Smart Exchange

The wisdom captured in this messaging book required time, experience, and service packs.

With the onslaught of Exchange Server books, it can be quite difficult to find one that suits your exact needs. Sybex’s 24seven Exchange Server 5.5 was written to benefit the Exchange administrator as a whole. Throughout its 622 pages, this book covers virtually every aspect of Exchange, from planning to its core functionality to troubleshooting. It assumes you have Exchange and networking experience. For those new to Exchange Server, the author actually recommends another book, from the same publisher, in the introduction.

Like most Exchange books, this text begins by discussing planning and preparation and then moves on to administration and troubleshooting. However, unlike many others, this one dives deeper into the product than most and extends beyond Exchange Server.
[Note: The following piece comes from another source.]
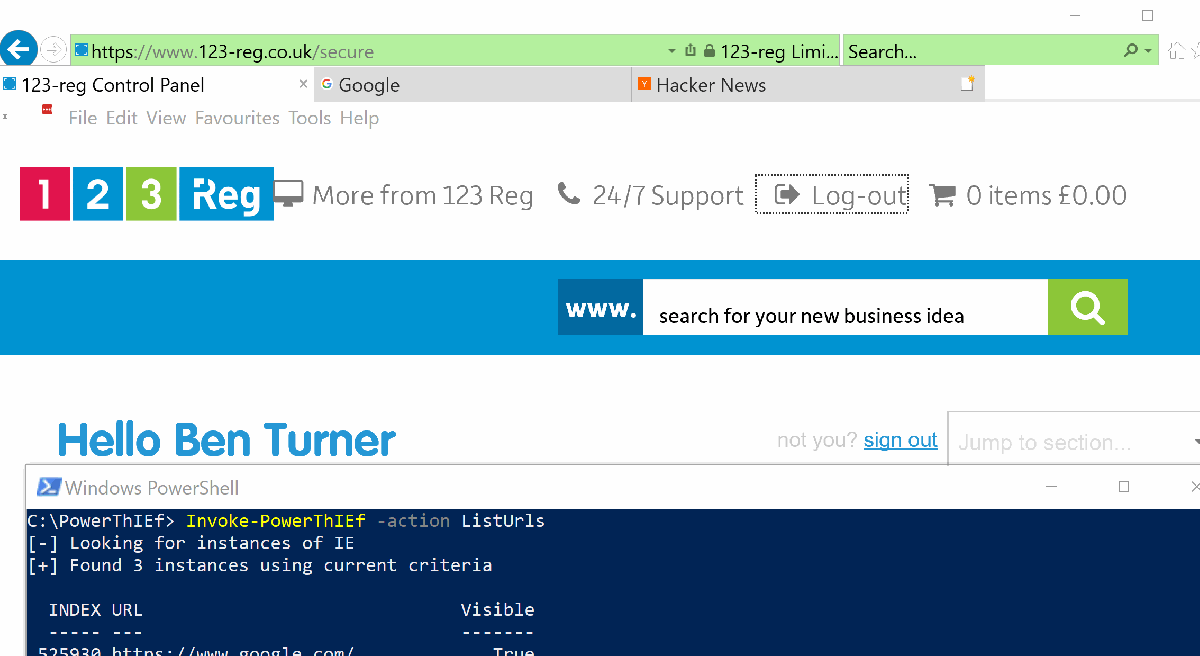 Enumerating the Item property upon this object lists all the current running instances of Explorer and Internet Explorer (I must admit I thought this was curious behaviour). ShellWindows is identified by the CLSID “{9BA05972-F6A8-11CF-A442-00A0C90A8F39}”; the following PowerShell demonstrates activating it.

Things like NT domain structures, password security, network monitoring, and IP/name resolution troubleshooting are often overlooked when discussing Exchange—but not in this book.

I particularly liked Part V, which includes three chapters on Exchange security. The author spends a great deal of time explaining how an e-mail message is encrypted (or not) and what can be done to protect both your users and servers. Areas such as message encryption and NT Server/physical network security are covered to show the reader what’s actually involved in maintaining confidentiality. Many of your users will consider this to be one of the most critical components of an email system.

What also makes this book stand out from the rest is the use of the “Exchange@Work” and “Case Study” sidebars, as the author calls them. These are observations and recommendations that the author makes based on years of practical Exchange Server experience. The benefit of this is that it gives someone a realistic example of how all of this information can be put to use.

It’s nice to see that someone waited for Exchange 5.5 to go through varying degrees of implementations and a couple of service packs before writing a book like this. All too often books come out claiming to be perfect for the advanced administrator and are really filled with out-of-date screenshots and incorrect information. If you’re looking for one Exchange book that will cover every aspect needed for Exchange administration, you’d be wise to invest your money here.

About the Author

Michael Tedesco, MCSE, MCT, serves as the Enterprise Messaging Specialist for Latham & Watkins,a Los Angeles-based law firm. He has taught classes on Exchange Server for the past couple of years and is now leading a conversion of 2,500 users from cc:Mail to Exchange.